View allAll Photos Tagged devilstower

Climbing Devil's Tower by the easy route: Durance, 5.7 cir. 1980.

3 people climbing Devil's Tower

A legend of Devil's Tower

A Brule Sioux Legend

Out of the plains of Wyoming rises Devil's Tower. It is really a rock, visible for hundreds of miles around, an immense cone of basalt which seems to touch the clouds. It sticks out of the flat prairie as if someone had pushed it up from underground.

Of course, Devil's Tower is a white man's name. We have no devil in our beliefs and got along well all these many centuries without him. You people invented the devil and, as far as I'm concerned, you can keep him. But everybody these days knows that towering rock by this name, so Devil's Tower it is.
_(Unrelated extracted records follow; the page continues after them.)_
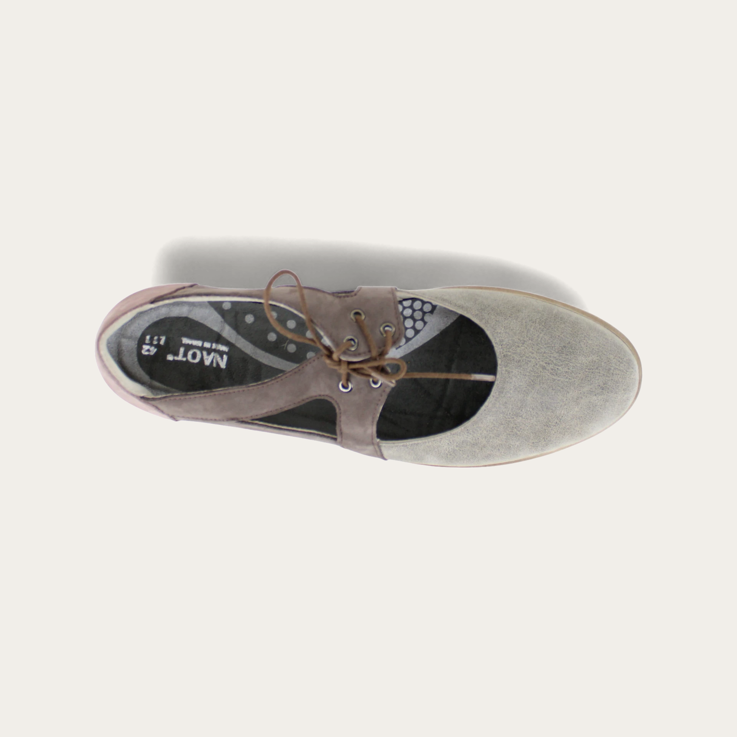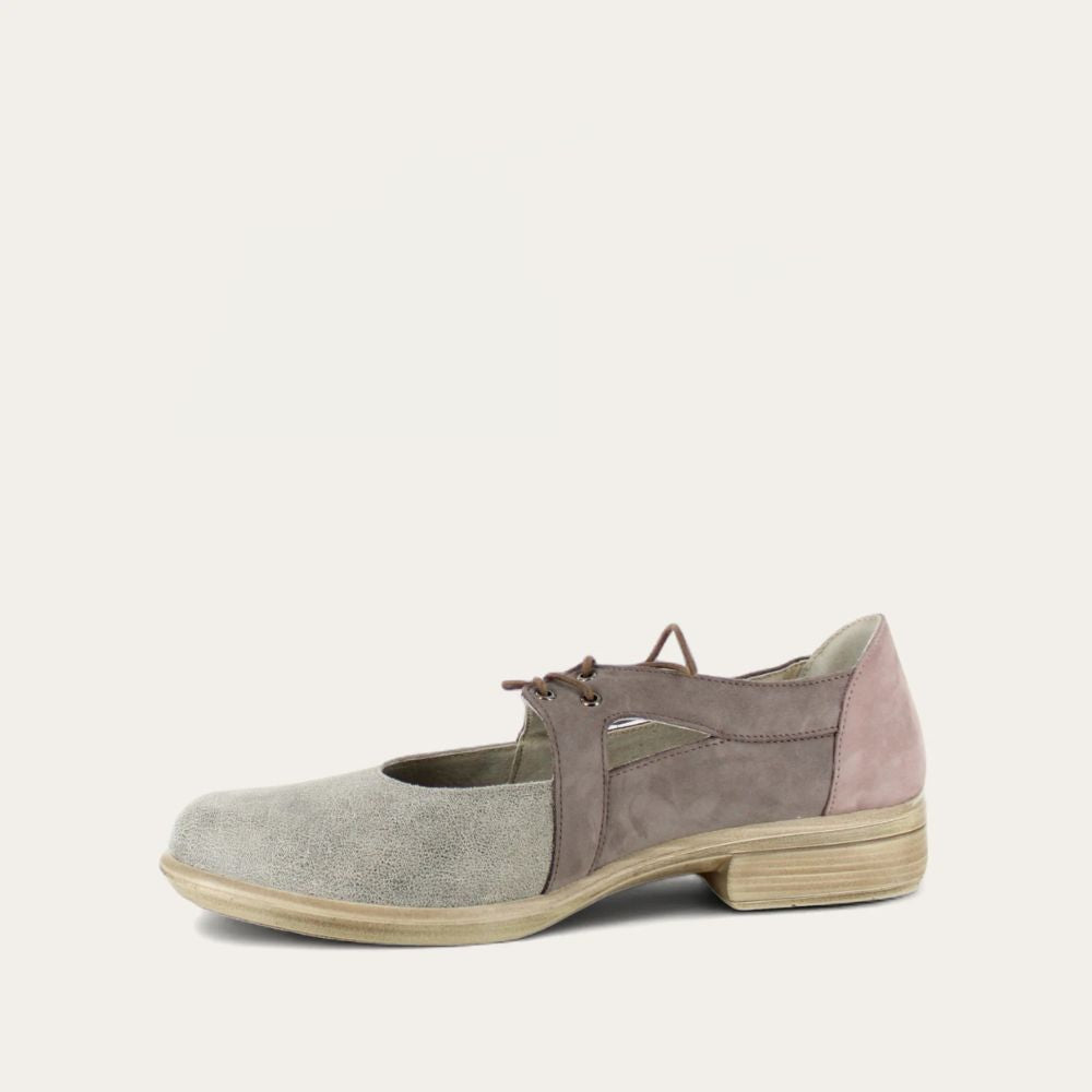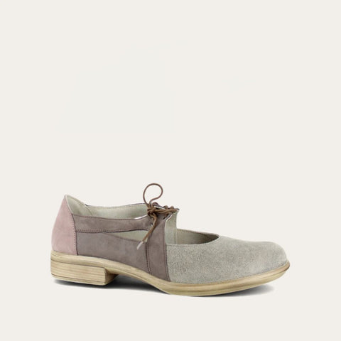 The Alisio is a charming yet durable fall shoe. With its neutral, tricolored nubuck, slip resistant sole, and securing laces, the Alisio matches with everything and is up for any autumn adventure. The Alisio also features Naot's removable, anatomic cork and latex footbed, which is wrapped in microfiber and leather and molds to the shape of the foot with wear. The Aura Collection features a 1.5" polyurethane sole with a metal shank which is extremely lightweight, durable and abrasive to prevent slipping. This collection uses a hand-sewn Strobel construction making it strong and extremely flexible. Alisio fits our Aura Footbed.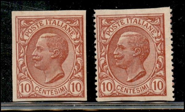 1906 - 10 cent Leoni non dentellato (82e) + non dentellato in orizzontale (82g) - entrambi nuovi con gomma originale e traccia di linguella (110)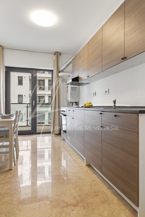 Apartamentul se afla la etajul 4 din 11, este utilat si mobilat complet si dispune de parcare subterana.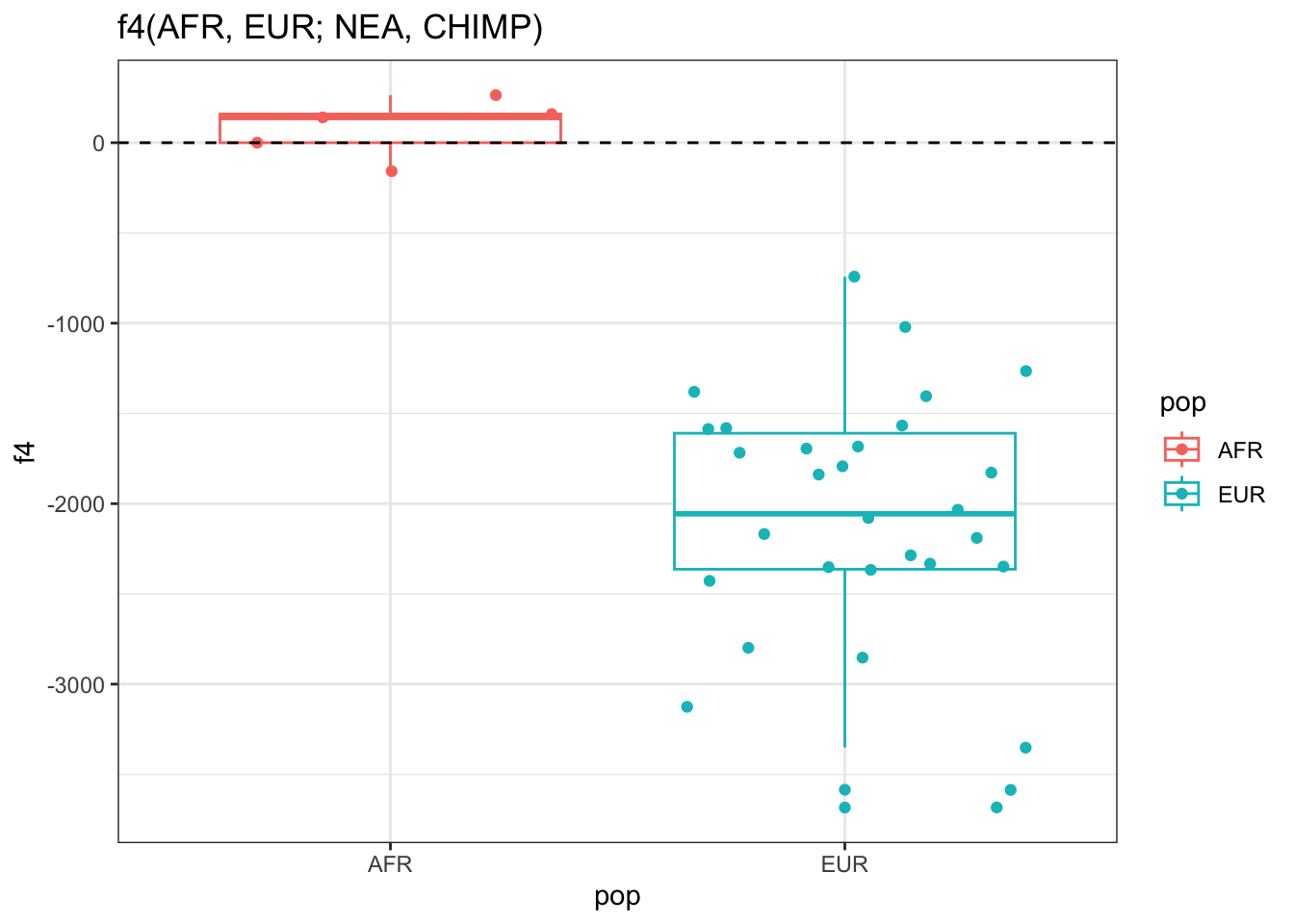 The first \(f_4\) statistic above is not expected to give values “too different” from 0 (even in case of Neanderthal introgression into Europeans) because we don’t expect two African individuals to differ “significantly” in terms of how much alleles they share with a Neanderthal (because their ancestors never met Neanderthals!). The other should — if there was a Neanderthal introgression into Europeans some time in their history — be “significantly negative”.

No use telling you its Indian name. Most tribes call it bear rock. There is a reason for that - if you see it, you will notice on its sheer sides many, many streaks and gashes running straight up and down, like scratches made by giant claws.

Well, long, long ago, two young Indian boys found themselves lost in the prairie. You know how it is. They had played shinny ball and whacked it a few hundred yards out of the village. And then they had shot their toy bows still farther out into the sagebrush. And then they had heard a small animal make a noise and had gone to investigate.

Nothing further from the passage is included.